Recently, I co-first authored a paper with several members of my two labs (I am co-mentored by both Dr. Denise Kirschner and Dr. Jennifer Linderman). In this work, which was published in PLoS Computational Biology, we present a computational, multi-scale model of granuloma formation and dissemination within monkey lungs. In Mycobacterium tuberculosis infection, granulomas are spherical structures in the lungs, that form as part of immune response to surround and suppress infection. However, sometimes bacteria escape the granuloma environment and disseminate. Broadly defined, dissemination is the spread of bacteria throughout the lungs, and is associated with much poorer outcomes for the infected individual. At the moment, dissemination is very difficult to address experimentally, and it is not known what causes dissemination. Thus, we built a computational model to probe questions about dissemination.
We named this model MultiGran, as it tracks the evolution of cells, cytokines, and bacterial populations within multiple granulomas throughout a simulated Mycobacterium tuberculosis infection. The model matches multiple experimental datasets across the cellular, granuloma, and whole-lung scales of monkey infection. These datasets were provided by our co-authors from the Flynn Lab in Pittsburgh, world-wide leaders in tuberculosis research. Importantly, these are unique and critical datasets that present new insights into early events occurring during Mtb infection.

After validating our model, we use MultiGran to make two key predictions about dissemination events within monkey lungs during infection.
First, we predict that, in a typical infection, local dissemination is much more likely than non-local dissemination. In fact, we report that the likelihood of local dissemination is approximately two times greater than non-local dissemination. Non-local dissemination is thought to spread through either the lymphatics system or through airways in the lung, thus this type of dissemination can be much worse for the outcome of an individual.

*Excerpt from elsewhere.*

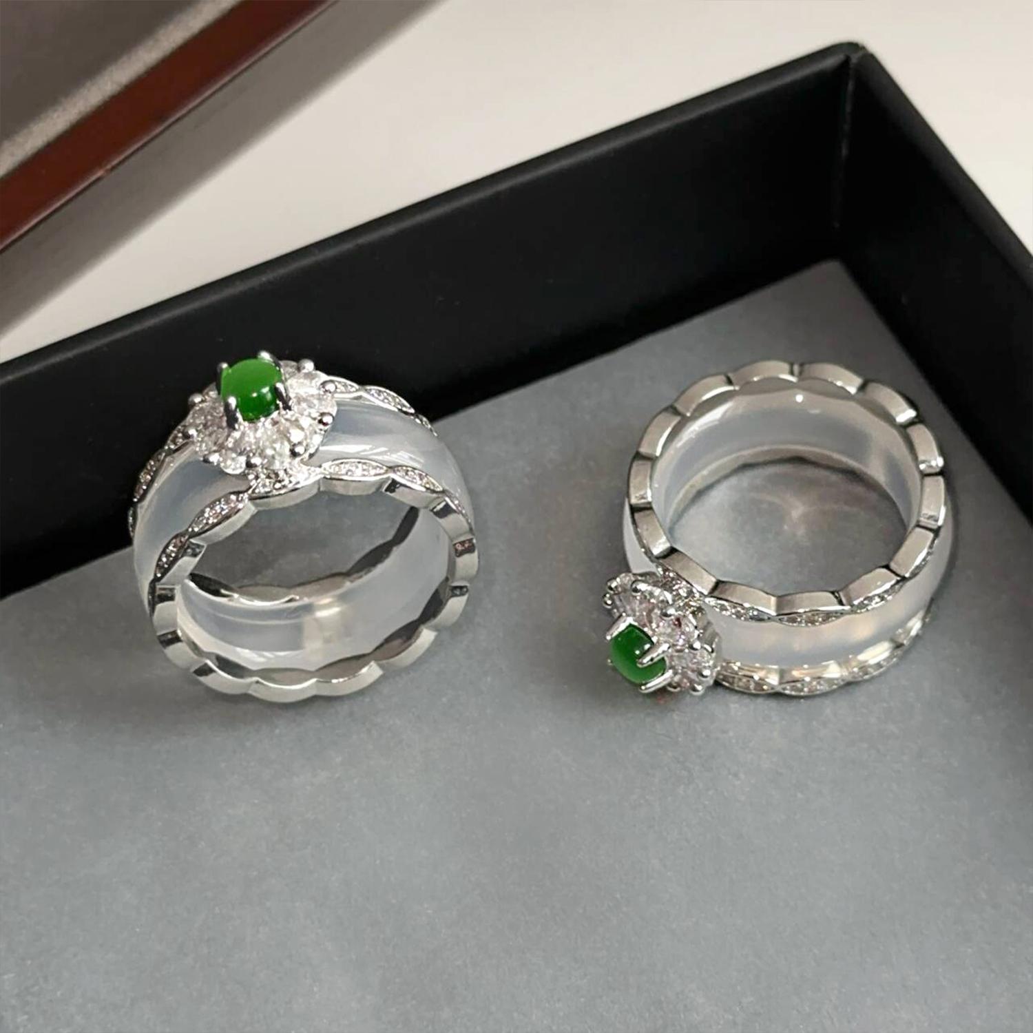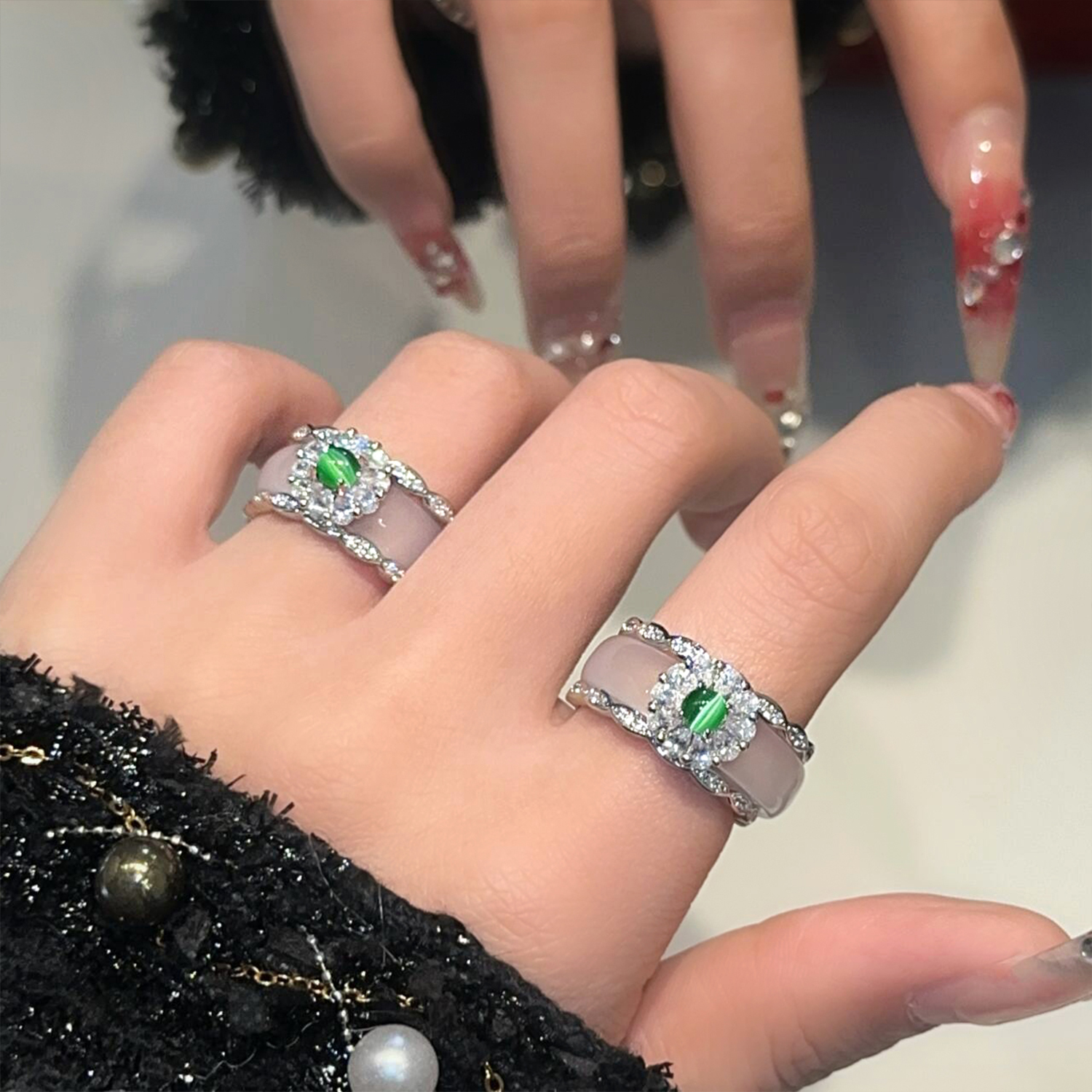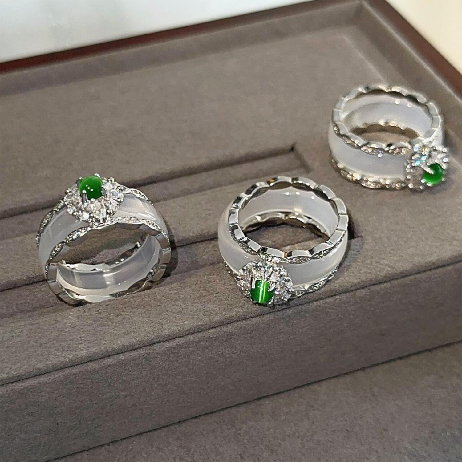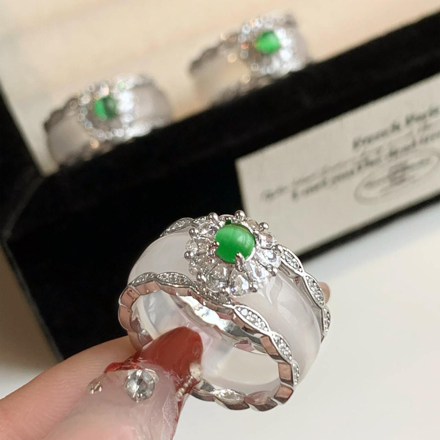 新中式富贵白月光白玉髓戒指女玉石戒指宽版绿锆石冷淡风中古指环

Second, we predict a critical role for multi-functional CD8+ T cells in preventing dissemination. If, within a granuloma, a greater percentage of CD8+ T cells can perform dual functions of cytokine expression and cytotoxicity, then the likelihood of that granuloma disseminating significantly decreases. While the role of CD8+ T cells is being more appreciated in the tuberculosis research literature, this finding suggests a need for an even more increased focus on this specific cell type to evaluate the therapeutic potential that CD8+ multifunctional cells may offer.
Moving forward, we have many more questions that we could address with this model framework, so be on the lookout for coming research papers featuring MultiGran!